What’s at Stake with Formal Dispute Resolution

J0341775Recently, two pharmaceutical companies announced that they would be seeking Formal Dispute Resolution (FDR) because of FDA decisions regarding their products.  Genta announced in April that the company would be filing one over a non-approvable letter for their investigative product Genasense and Encysive announced their intent to file an FDR because of their third approvable letter outcome for Thelin. 

According to the FDA Guidance on FDR, the FDA

"If the product underlying a procedural or scientific dispute is a PDUFA product, the Official should complete the review within 30 calendar days from the DRPM’s receipt of the formal request. The Official should contact the sponsor within the 30 day window via written response or telephone response (30 day response ). If the response is by telephone, the reviewing Official should provide a written confirmation of the formal dispute resolution outcome to the sponsor or applicant within 14 calendar days from the date of the telephone call. If FDA is unable to complete the review and respond within 30 days, the Official should notify the sponsor, explain the reasons for the delay, and discuss the time frame for completing the review."

So far as I can tell, there has not been a response to the Genta filing, or at least nothing listed in Genta’s press releases that I could find. 

In December 2006, Labopharm announced that it was going after a Formal Dispute Resolution over Tramadol after the company received an approvable letter.  However, pending the outcome of discussions with the FDA, the company apparently decided to forego the FDR.  Then in May, they received a second approvable letter for Tramadol.

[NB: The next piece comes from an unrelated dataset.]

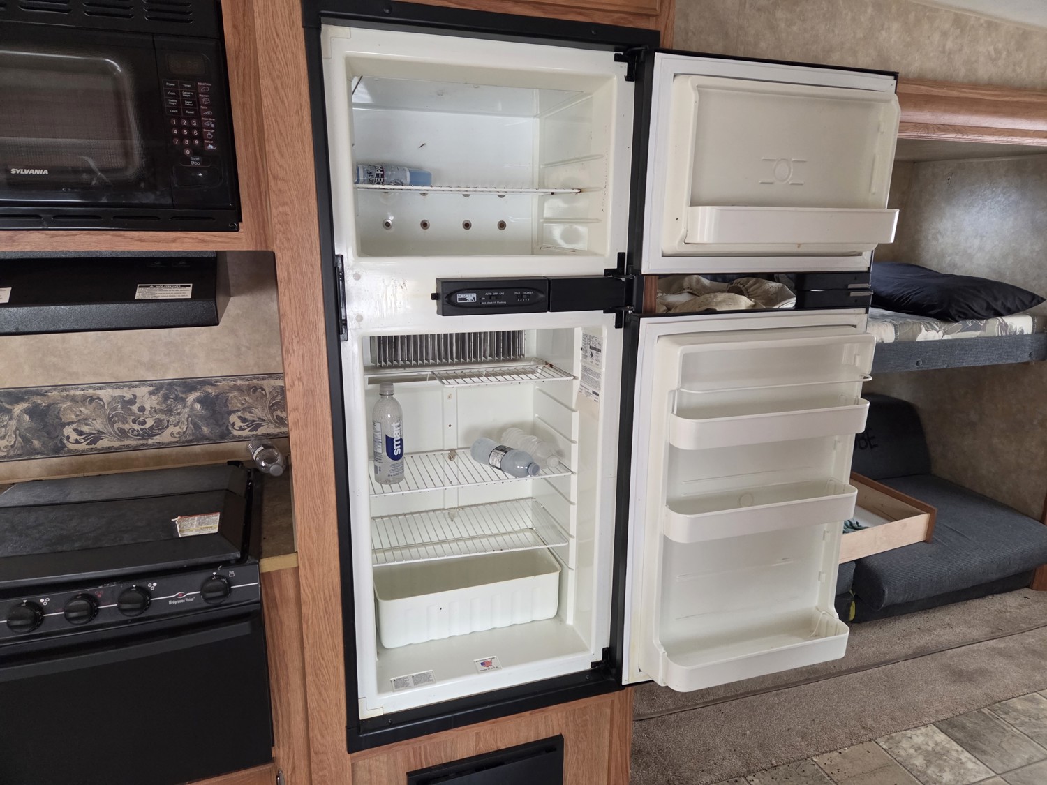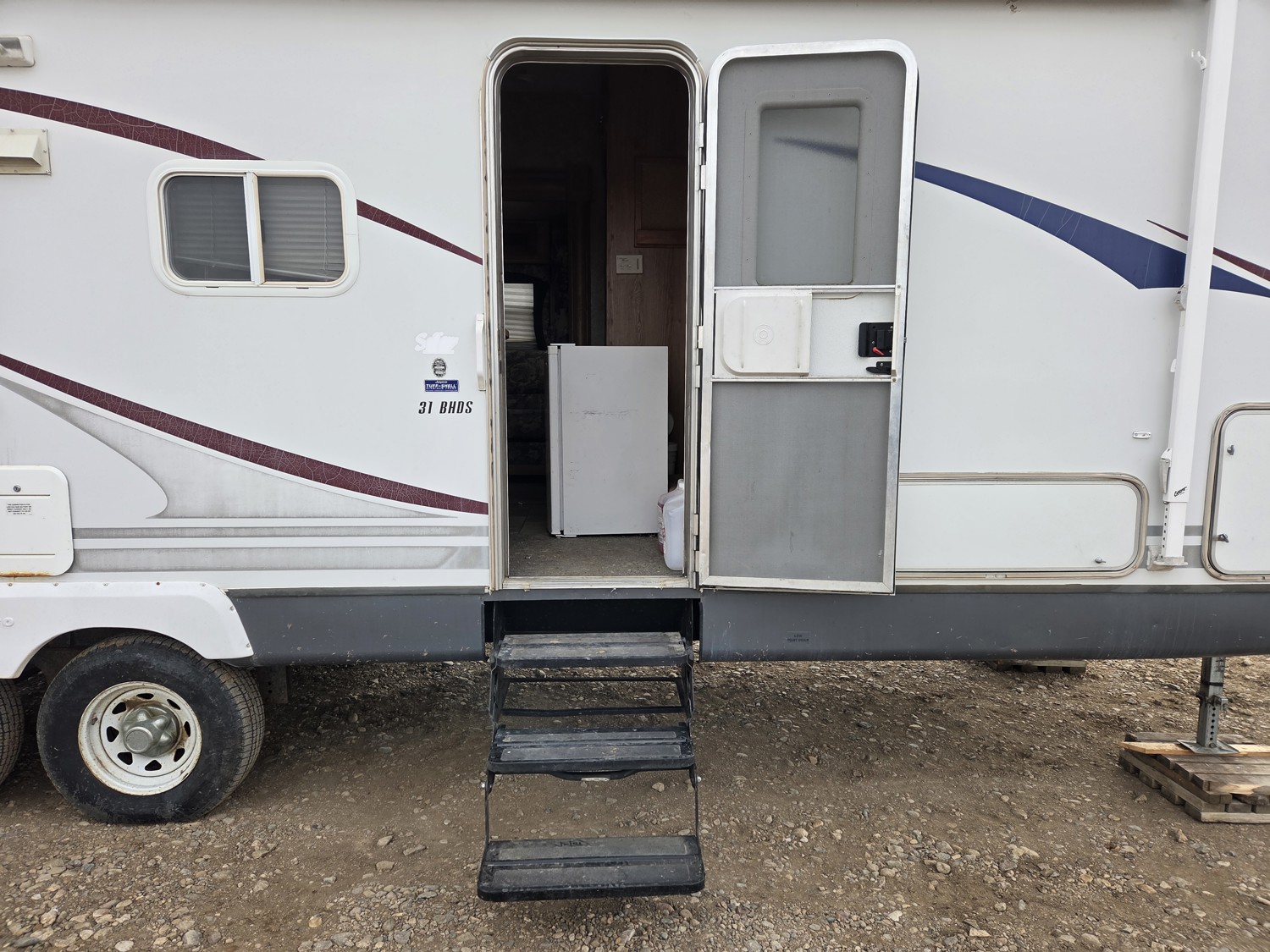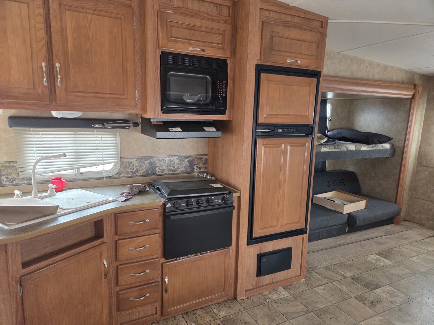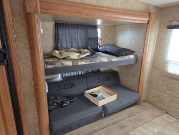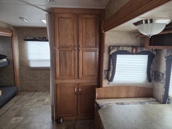 Sleeps 7, stove, fridge, microwave, master bedroom, bunk beds, A/C, outdoor shower, 2 slides, manual awning, spring suspension, electric brakes, ST225/75R15 tires

In 2002, Corixa announced the filing of an FDR for Bexxar after a second approvable letter was received from the FDA.  After filing the FDR, the company provided further data that prompted the FDA to then put Bexxar back into active consideration and the company withdrew its FDR.

A device company in 2007 submitted an FDR and the panel recommended that the device not be approved. 

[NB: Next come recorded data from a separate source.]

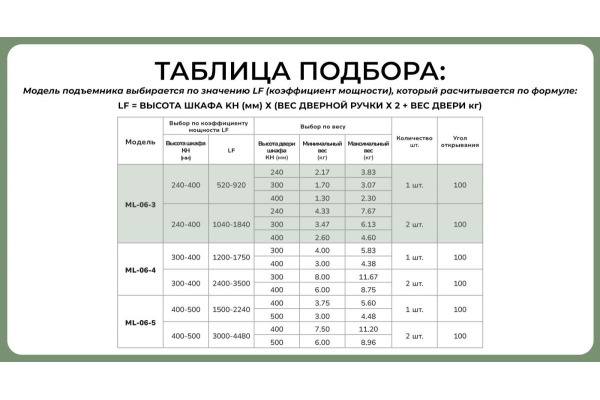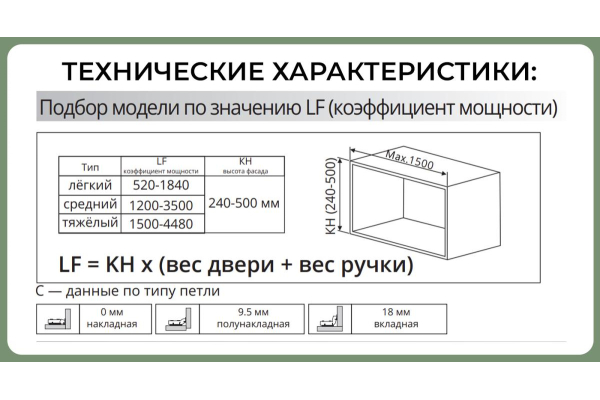 Модель подъемника выбираем по значению LF (коэффициент мощности.) Крепление( адаптер ML-AF-07) для установки на фасады с узкой алюминиевой рамкой приобретаются отдельно.В наличии- Артикул: ML-06-4-07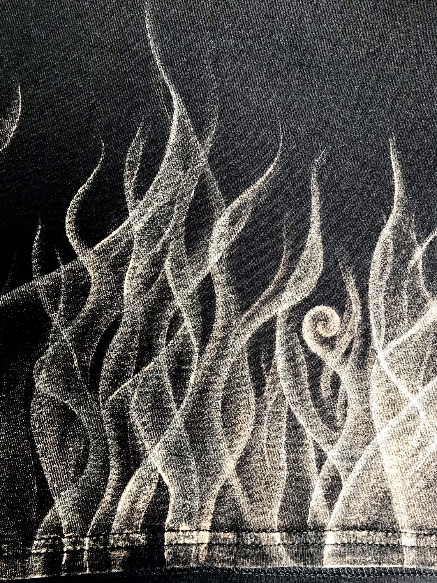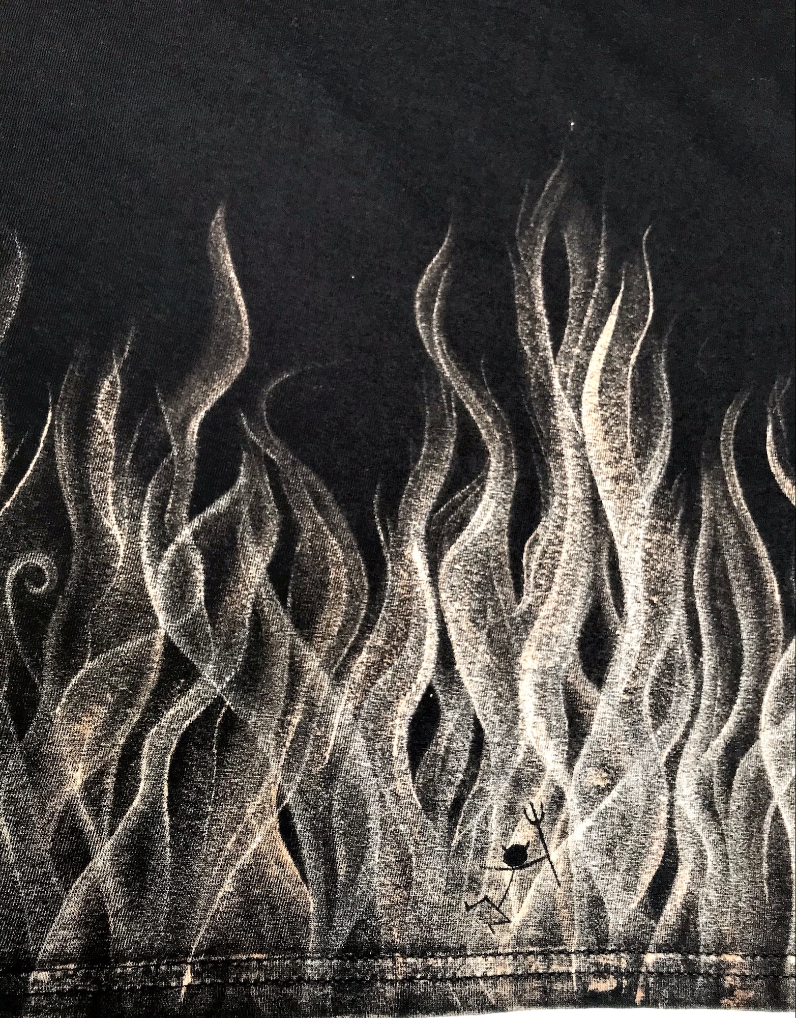 Originally a one-off commission but I found out I really love painting fire as it’s so varied. Flames go all around the bottom hem, front and back. Available with or without a little demon (just scroll to the next form). Also available with long sleeves here.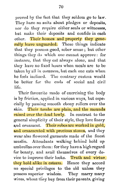 The public at large was honest, disciplined, No-theft, No Written Law. The ๐ก๐จ๐ฎ๐ฌ๐๐ฌ ๐ฐ๐๐ซ๐ ๐ง๐จ๐ญ ๐ฅ๐จ๐๐ค๐๐. Truth and virtue they hold alike in esteem.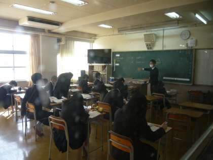 1限、1年3組は数学分割授業、立体の堆積を求める方法について学んでいます。1年4組は美術、セロハンで作るステンドグラス制作中です。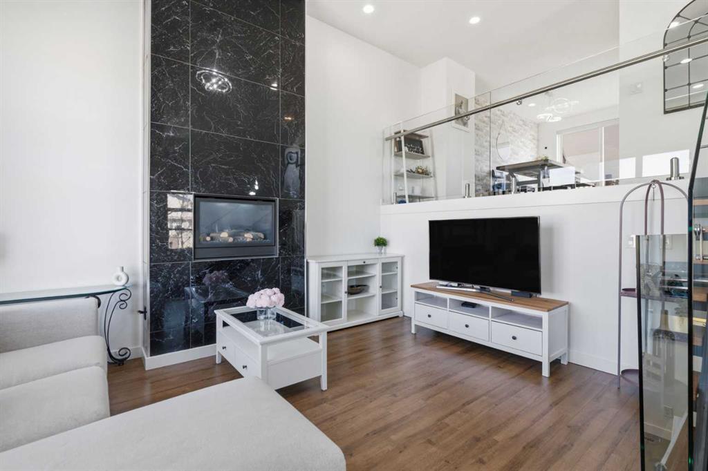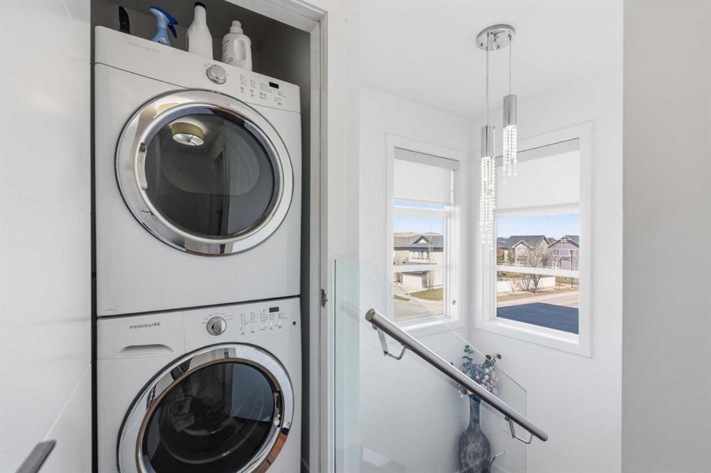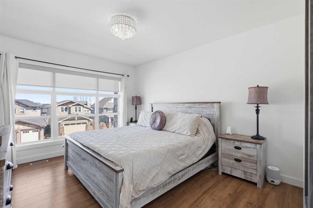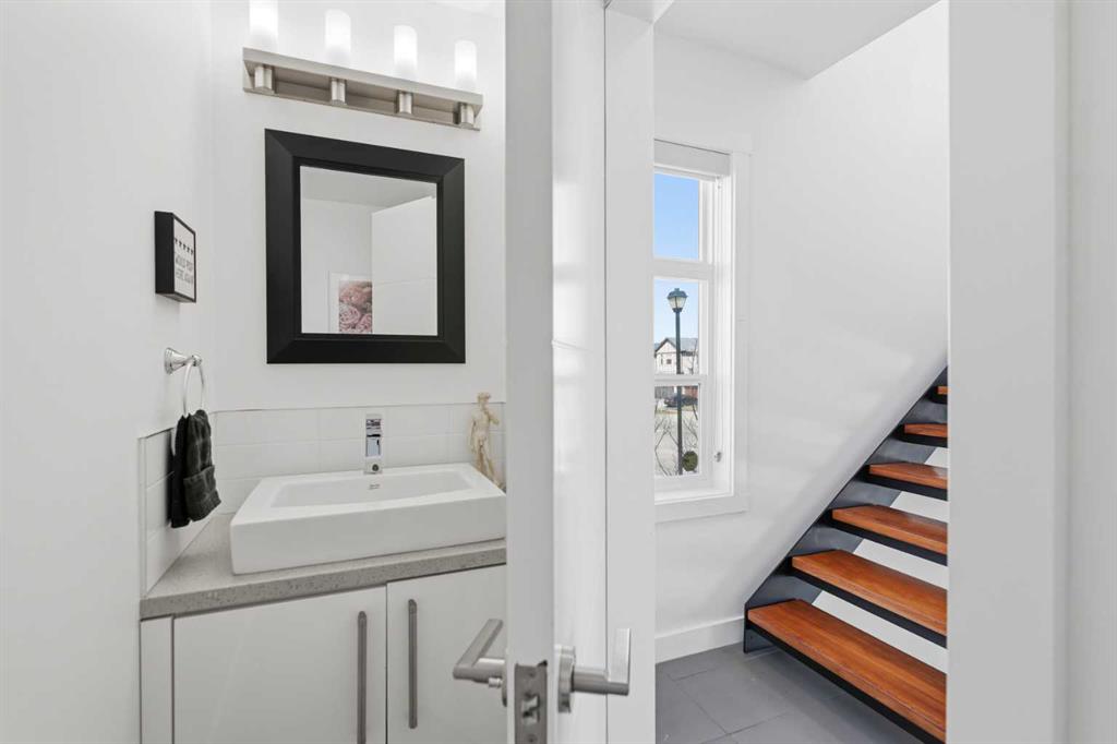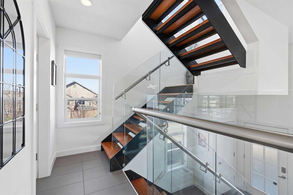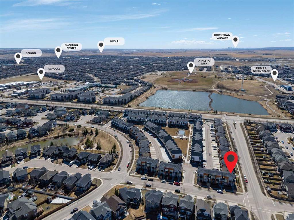 **OPEN HOUSE SAT APR 25TH, 1PM-3PM** STUNNING HIGH-END TOWNHOME | RARE END UNIT | SOUTH BALCONY EXPOSURE! Don’t miss out on this opportunity to own this gorgeous, LUXURY-LEVEL home in the highly sought-after community of Bayside! This exceptional end unit stands out with its low-maintenance exterior featuring hardy board siding & stone, and an interior that defines modern elegance with custom finishings throughout. Highlights of the upscale design include a modern CHEF’S KITCHEN with white flush cabinetry | sleek QUARTZ counters | SS appliances | and a gas range. The home is completely CARPETLESS and features a stunning modern white paint theme throughout, accented by architectural masterpieces like steel open risers and tempered glass railings. You will be wowed by the 16ft living room ceilings and the custom tile-to-ceiling fireplace, all framed by massive windows and extra side glass that flood the entire space with an excess of natural light. Walk into the bright and spacious main level where the open-concept design, perfect for entertaining. Go upstairs to the kitchen and dining areas, where you will have access to the large balcony, ideal for a BBQ and a sitting table to enjoy those summer evenings. Upstairs you will discover the impressive 3-bedroom layout, including a massive primary bedroom with a dual-sink ensuite bath, along with another full bathroom and the added convenience of upper-level laundry. The professionally finished basement offers a large flex area and another full bathroom, providing the perfect space for a home gym, office, or media room. Bayside has so much to offer with conveniences all around, including quick access to schools, local shopping, groceries, and the beautiful community canals and water features. You are only steps away from parks and extensive pathway systems, making this the perfect retreat in a serene suburban setting. House Extras Include: Newer Garage Door ($4,000 value), a NEW Microwave Hood Fan, an A/C rough-in, and Custom Window Coverings throughout. This home shows 10/10 and is a rare find in a prime location—come check it out before it’s gone!

While I do not pretend my search for FDRs was terribly exhaustive, the conclusion I think I’ve reached is that this does not seem a terribly productive method for getting a drug approved – at least in recent history.  I could not find the FDR process used very often, and when it was used, I could not find an example where the drug was eventually approved.  I may have found an example of a device, but the records were so sketchy, I decided not to include it.,

Perhaps most companies figure that since the appeal is being made to the very body that made the decision in the first place, the value of a formal proceeding to ask for reconsideration is not as useful as engaging in direct dialog with the agency and supplying further information.